SUPPLIED DATA:
====

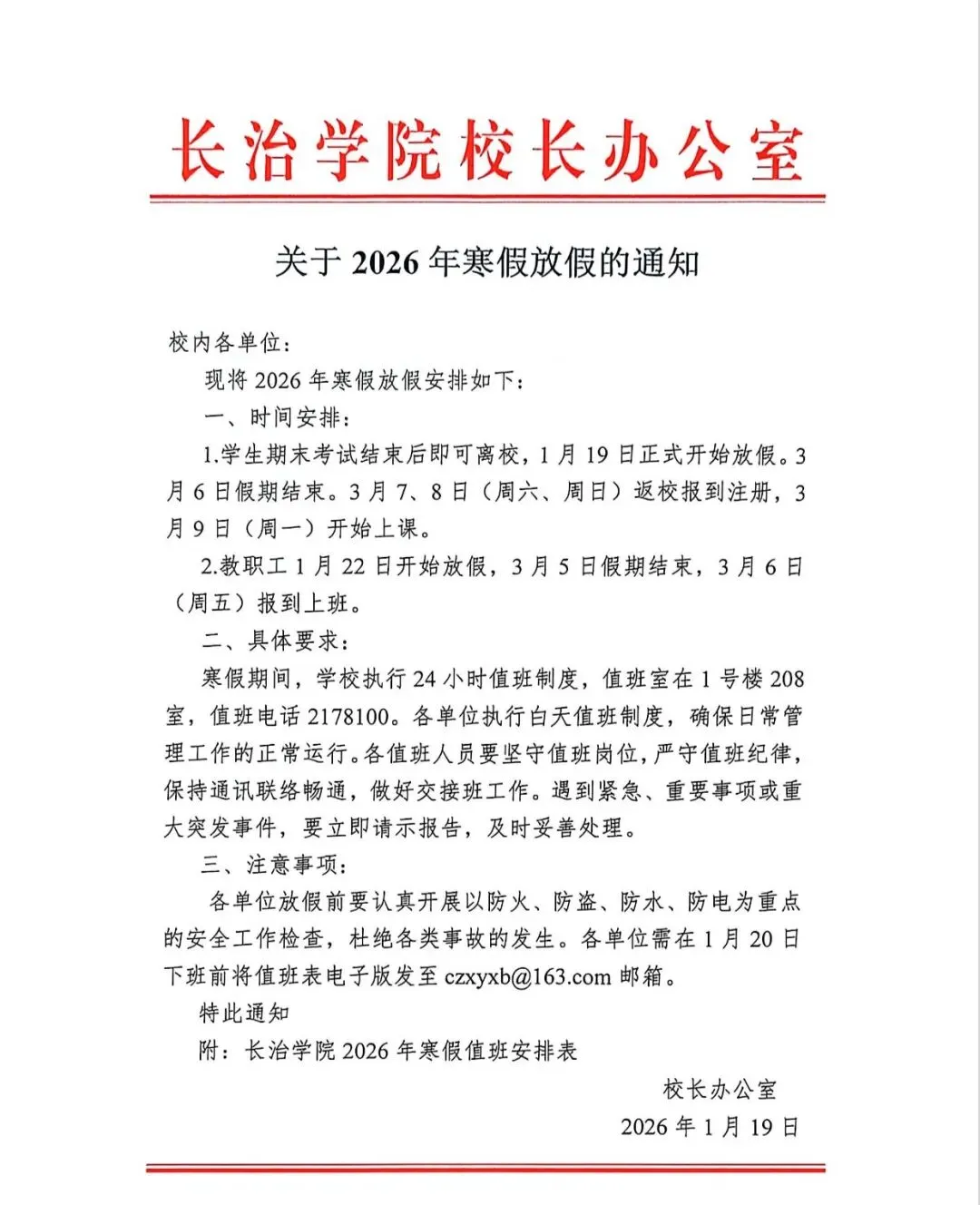 >长治学院开学通知!
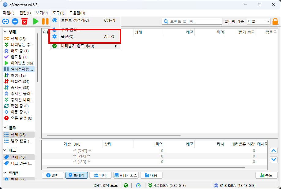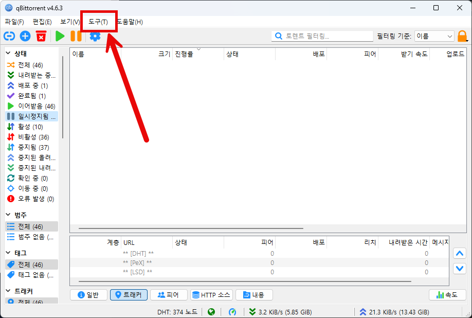 qbittorrent를 먼저 켜주신 다음 [도구] 탭을 클릭해줍니다.
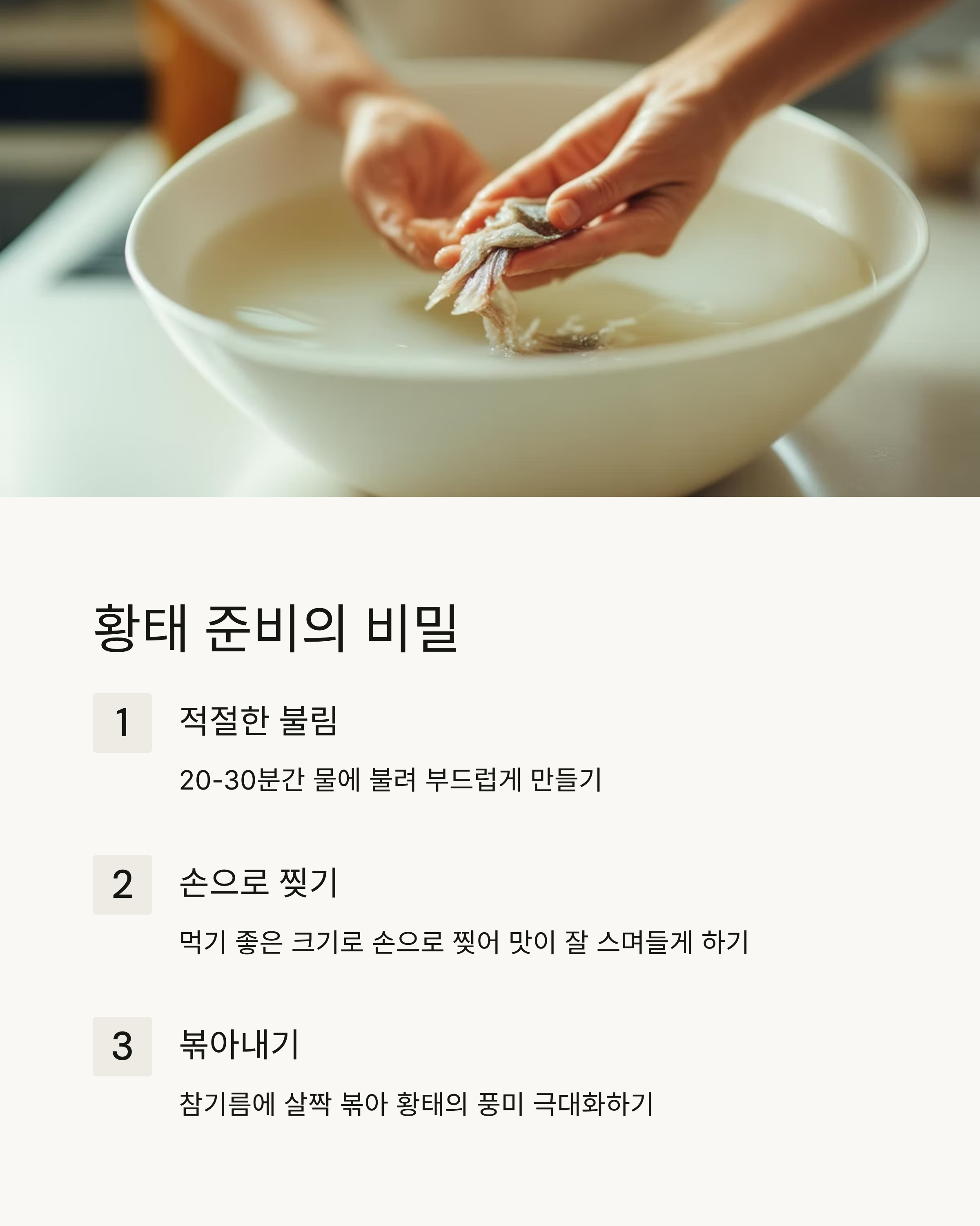 팁: 황태를 불릴 때 너무 오래 두지 않도록 주의하세요. 너무 오래 불리면 황태의 식감이 떨어질 수 있습니다.

====

TASK DETAILS: Return every line of the listing exactly, leaving its pictures behind.

SOLUTION TO THIS EXERCISE:
 >长治学院开学通知!
 qbittorrent를 먼저 켜주신 다음 [도구] 탭을 클릭해줍니다.
 팁: 황태를 불릴 때 너무 오래 두지 않도록 주의하세요. 너무 오래 불리면 황태의 식감이 떨어질 수 있습니다.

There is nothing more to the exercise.